Karlskoga, like most municipalities, cleared major commuter roadways first in snowy conditions. They decided to switch the order of “snow-clearing to prioritise pedestrian and public-transport users.” This turned out to be an injury- and life-saving decision. Sweden had collected data on hospital admissions for injuries since 1985, which is “dominated by pedestrians, who are injured three times more often than motorists in slippery or icy conditions.” Data are still being collected comparing injury rates before and after changing snow-clearing priorities but Perez’s research has uncovered key successes as more Swedish communities adopt new plowing policies. In Stockholm, she says, joint cycle and pedestrian laneways are now being cleared to summer conditions in the winter, and injury incidents have gone down by half.
This is a symptom of transport planning in general, Perez concludes: transport as a profession is highly male dominated, engineers focus mostly on mobility related to employment, and politicians will spend on road building (disproportionately benefitting men) but balk at funding transit or improvements for pedestrians (disproportionately disadvantaging women).
There are exceptions: Perez highlights successes, including in Vienna, where “60% of all journeys are made on foot, in no small part because the city takes gender planning seriously.” It’s been the gender planning office that collects data on pedestrian travel and has led to city-wide improvements for those walking to travel. Other things that benefit women: “hopper fares” on transit, which acknowledge the realities of women’s lives; collecting travel data that reflects the fact trips related to shopping and caregiving are as necessary as going to work; and encouraging mixed-use planning that allows women to access all they need nearby, rather than separating out zones in a city for work and living. This is particularly acute in large cities where people of low income need to travel extensively to reach places of work.

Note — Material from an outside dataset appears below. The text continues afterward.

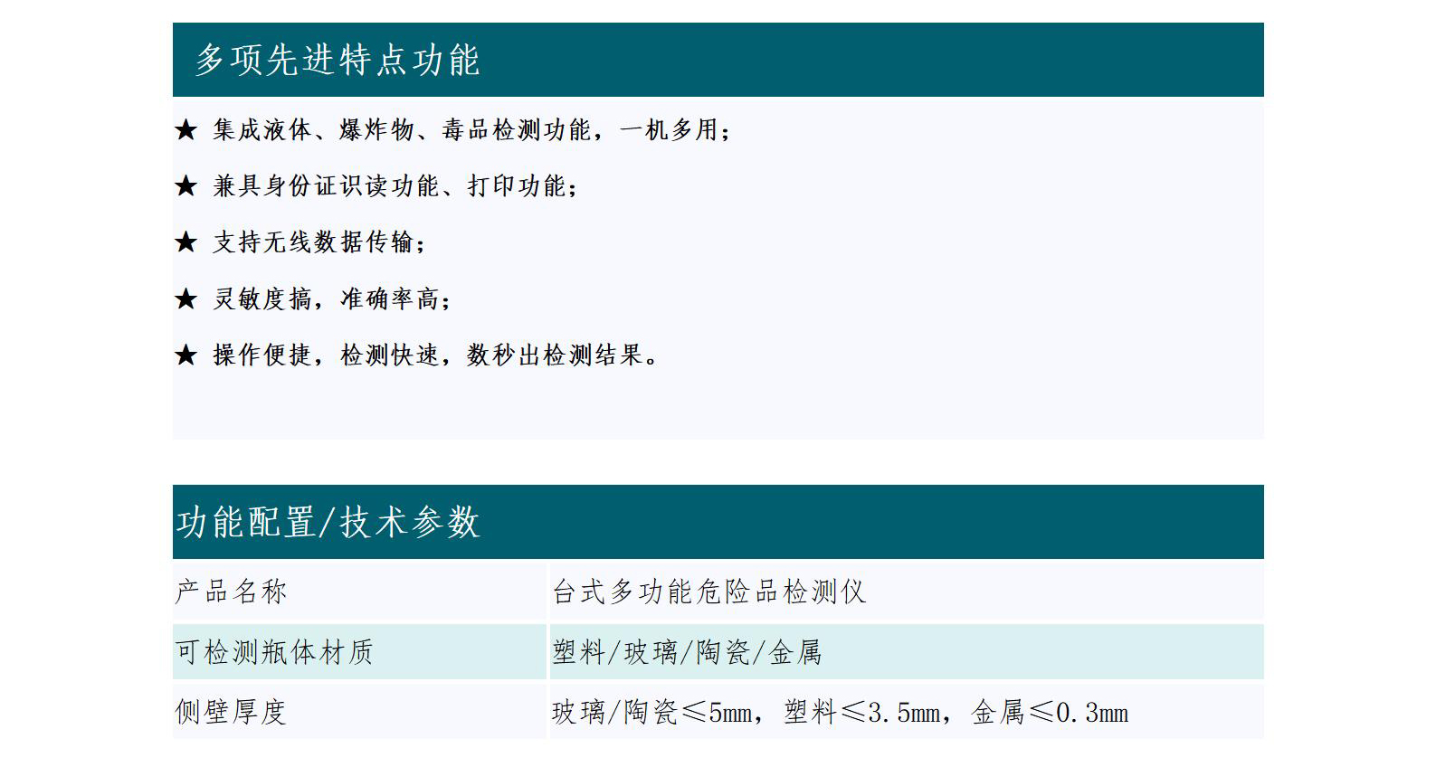 ★ 集成液体、爆炸物、毒品检测功能,一机多用;

Perez’s book is an excellent reminder of how much we take for granted and that “data” are not neutral sets of numbers: when men are counted as the default and women treated as atypical, our policy choices and resource allocation discriminate against women. As we work toward our vision of a world with zero deaths on our roads, we need to take a step back and ensure the data we’re using to pursue that goal includes women as well as men.